Just kidding, I would go for something air powered and make sure it is as drained and aired out as possible before hand.


----------



## DuckNut (Apr 3, 2009)

Are you saying they built the deck over the tank?

It should fit out the hatch.

But nonetheless less, after you open the bulkhead can you cut it in half with a hand saw?


----------



## Mike C (Feb 27, 2017)

If you use anything powered, make sure the tank is empty and completely purged out, otherwise we could be hearing about you on the news. 
If you decide not to purge it and use an air tool, attach a ground wire to it. Static can and will ignite fuel residue.


----------



## JCE (Mar 10, 2019)

What kind of boat


----------



## CodyW (Jan 26, 2016)

DuckNut said:


> Are you saying they built the deck over the tank?
> 
> It should fit out the hatch.
> 
> But nonetheless less, after you open the bulkhead can you cut it in half with a hand saw?

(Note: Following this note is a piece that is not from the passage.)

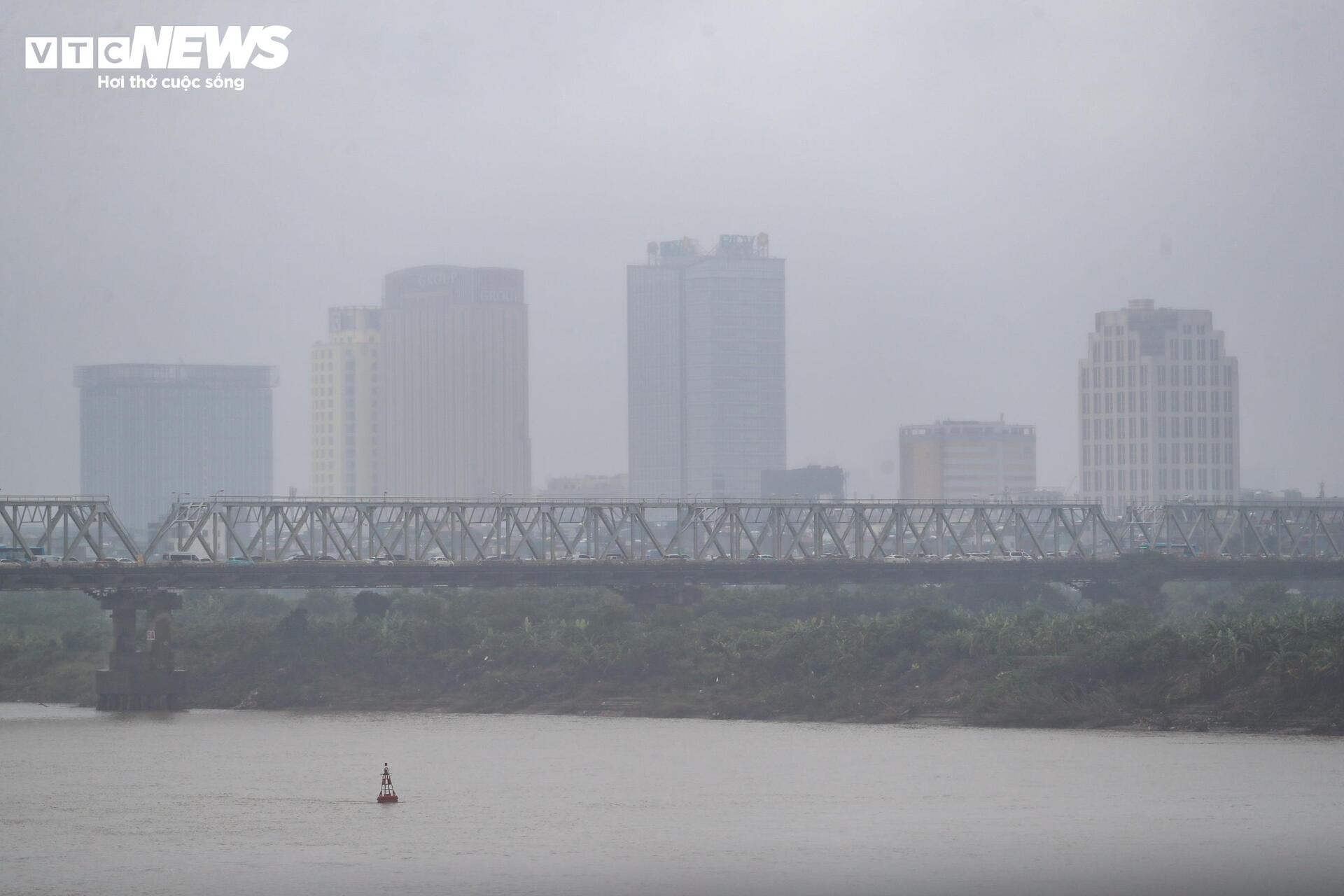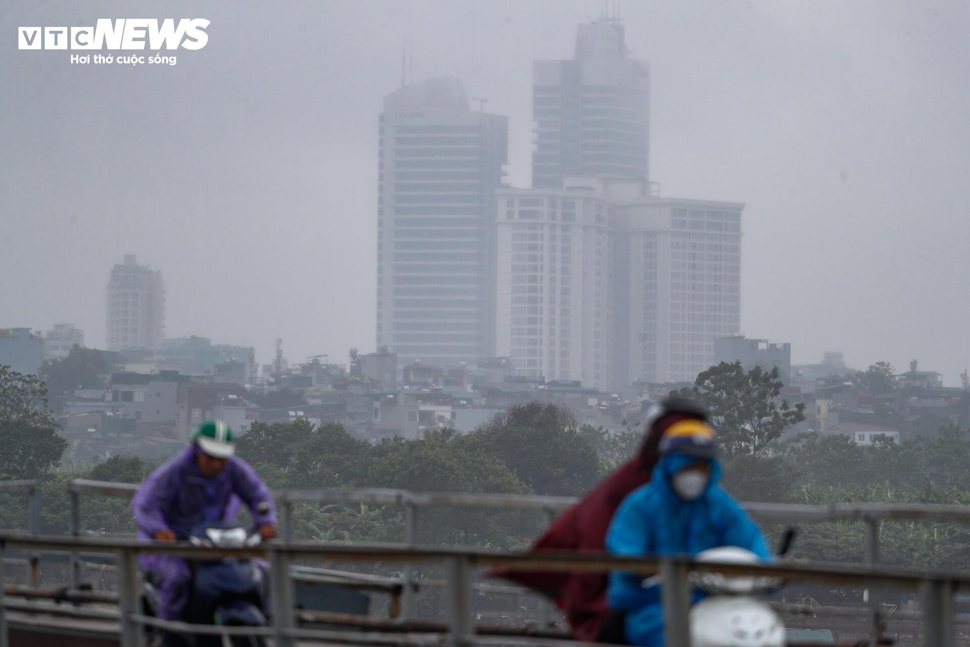 Hà Nội chìm trong làn sương dày và mưa phùn lất phất, những tòa nhà cao tầng ẩn hiện giữa không gian mờ ảo.

Yeah, the tank was built in the boat and to remove the cap I would have to do a whole lot more cutting than making a new bulk head hatch. It has a front hatch on the deck but it's to small and another bulkhead in front of the tank.


----------



## CodyW (Jan 26, 2016)

Mike C said:


> If you use anything powered, make sure the tank is empty and completely purged out, otherwise we could be hearing about you on the news.
> If you decide not to purge it and use an air tool, attach a ground wire to it. Static can and will ignite fuel residue.


A ground wire to the tank?


----------



## CodyW (Jan 26, 2016)

JCE said:


> What kind of boat


Silver king


----------



## Mike C (Feb 27, 2017)

From the tool to the tank. It will equalize static between the two pieces. 
I still recommend emptying the tank and either air or liquid purging of the tank.

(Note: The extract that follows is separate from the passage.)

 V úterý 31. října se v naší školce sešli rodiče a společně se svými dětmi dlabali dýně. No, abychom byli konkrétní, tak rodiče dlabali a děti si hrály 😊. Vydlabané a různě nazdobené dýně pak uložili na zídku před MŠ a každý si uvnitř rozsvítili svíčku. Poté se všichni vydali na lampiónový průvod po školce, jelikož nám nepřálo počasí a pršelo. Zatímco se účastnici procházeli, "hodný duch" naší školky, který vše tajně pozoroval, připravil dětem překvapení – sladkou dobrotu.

I spent 21 years of my life working in and on aircraft fuel systems. 
Gasoline is way more volatile than jet fuel. 

Drain the tank, and wash it out with soap and water before you cut into it and you'll have no issues.


----------



## sidelock (Jan 31, 2011)

Fill it with water and cut it !


----------



## Guest (Jul 8, 2019)

Purge with co2, done.


----------



## lemaymiami (Feb 9, 2007)

Quite a few boats either require some cutting to remove a fuel tank - or the complete un-bolting of the deck cap so that you can raise it enough to remove an old fuel tank (another of those "ask me how I know" moments). My old Maverick skiff (and maybe every other Maverick - along with all the Hewes skiffs...) are in the "raise the deck" category (and that requires that you first remove the rubrail...)... Me, I'd strongly consider selling my old skiff if I ever had to do that again since it's a definite PITA... 

As far as tanks around power tools... simply drain the tank then fill it with soapy water - before working around it with anything that might spark... Once the tank is removed you'll want it cleaned thoroughly anyway (some even steam clean tanks to get them ready to go back into service...). Flush thoroughly with freshwater afterwards - then allow to dry in the sun... Occasionally tanks will get a very small hole - but still be structurally sound and worth repairing and that's what you'll have to do before doing any welding, etc... 

By the way a skilled glass shop can cut into deck or bulkhead, remove and replace a tank (mostly you'll want a new tank with rare exceptions..) and not leave one sign that the work was done... Of course you'll be bringing your wallet or credit card - and it won't be cheap...

Aren't boats fun?


----------